Tree detection – part 3

I have made some more progress on the tree detection algorithm in the last days, but I am not there yet. So some more testing is needed before the functionality can be put in scenProc.

In my previous post I showed some results from the algorithm running in a test application. What I have done now is put it in scenProc itself. This means that scenProc can now read raster files through GDAL, run the histogram based filtering on the image and create vectors from the results (thanks to GDAL and OGR again).

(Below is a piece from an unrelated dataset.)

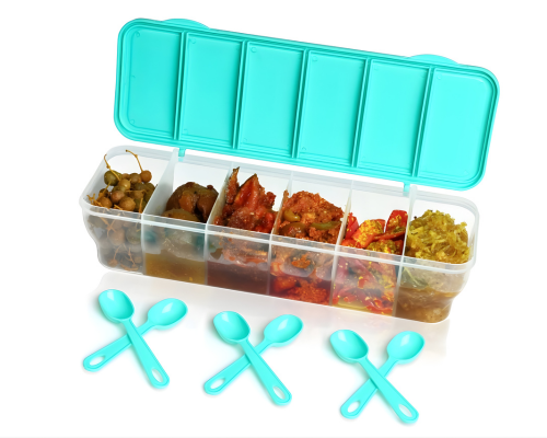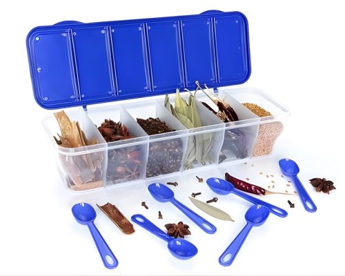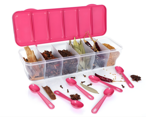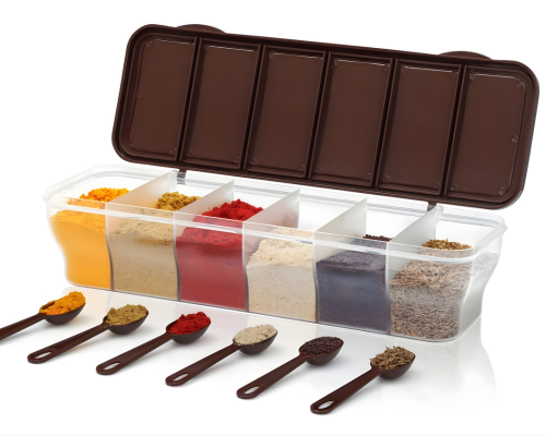 Organize your spices smartly with this 6 in 1 masala box, featuring spoons for easy cooking access.

Here are my first findings of putting the algorithm in scenProc:

  • It is still very slow. Running the whole island of Nantucket through the tree detection algorithm takes more than half a day. So I guess it would be a good moment to get the profiler tool again and find out where performance gains can be made.
  • The screenshots I showed last time were from images at a lower resolution. I had down sided them from the 30 cm resolution to make testing easier. It seems the filter that worked well on those, does not necessary work well on the full resolution as well. It seems resizing them made the trees slightly darker. So I will have to do some more testing to see which filter settings work well with the full resolution.
  • With the algorithm you get a lot of relatively small polygons. Most polygons cover a few trees. Only in a dense forest you would get bigger polygons. Creating polygonal autogen vegetation from these small polygons does not work well, quite often no trees show at all in FSX. Using rectangular autogen vegetation seems to work much better. Even for a small rectangle at least one tree will show up. So it seems rectangular vegetation would be the way to go with this algorithm.

And now back to some more testing…

Tree detection – part 2

I am travelling for my work this week, but when I had an few hours in the evening to spend in my hotel room I did some more experimentation with the tree detection algorithm.

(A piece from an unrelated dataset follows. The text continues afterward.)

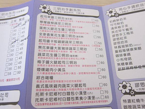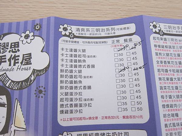 主要分成清爽系三明治,謬思經典考牛奶吐司跟三明治手創系列

I have now modified my test tool so that you can click on the trees in the image to determine the rules that are used for the detection. Just click on a dozen different trees or so, and the tool will figure out which rule should be used to find the trees in this kind of image.

From the tests I have done it seems to work quite well. Below are two screenshots of the Nantucket imagery where I used to same rules to find the trees in both images. I am quite happy with the result till now.

tree_detect1

tree_detect2

Next step will be to add this algorithm to scenProc, so that I can test it on a bigger area and see if the results still look convincing. I am curious to see how this autogen will turn out. But that will have to wait till I am back home, I don’t have FSX here at the moment.

Tree detection

One of the first problems I encountered when I tried to make autogen for Nantucket is the lack of vector data for the vegetation. OpenStreetMap contains hardly any vegetation and also the GIS department of Massachusetts has not much usable data.

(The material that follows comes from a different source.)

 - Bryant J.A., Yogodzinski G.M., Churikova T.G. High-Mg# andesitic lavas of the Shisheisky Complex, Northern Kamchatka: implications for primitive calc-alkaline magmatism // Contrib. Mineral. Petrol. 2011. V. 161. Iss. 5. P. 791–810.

So therefore I started to experiment with detecting the vegetation in the imagery.  And while playing with this idea, a similar tool popped up at the FSDeveloper forum.

The approach I am testing now is to check the histogram of a small part of the imagery and based on the average value and the standard deviation decide what is forest and what not. I have made a small test tool to see which algorithm works best. Below you see a screenshot of the imagery and the detected vegetation.

Image2013-06-02 2016.37.672

Image2013-06-02 2017.14.604

Of course it is not yet perfect. As you can see some vegetation ends up in the water for example. I have already seen that different images sometimes need different settings to get the right result. I am thinking about turning my test tool into some kind of configure tool. Hopefully if as a user you click on some areas that are vegetation and some areas that are not, I can have the tool figure out the best filter for that type of imagery.

Once I find an algorithm that works OK, I plan to put this functionality in scenProc as well of course. But for now there is more testing and exploring to do.

Below is a quick screenshot of the result I got now in FSX. I think it is not too bad, but there are still some bugs left. And I might have to pick a different type of tree to match the Nantucket area better.

Image2013-06-02 1139.18.253

 

Nantucket photo scenery

As I mentioned in my previous post I would write a bit more details about how I created the photo scenery for my Nantucket test project.

From the website of the Massachusetts GIS department I could download 30 cm imagery of the entire island. But they came in 101 tiles and in the SID format. So how to make them ready for a FSX photo scenery?

My normal approach would be to make a mosaic of the images into one big GeoTIFF and then it is quite easy to make a photo scenery with resample. But for the entire island at this resolution that would result in a file of around 20 GB. So that is not something that resample can handle.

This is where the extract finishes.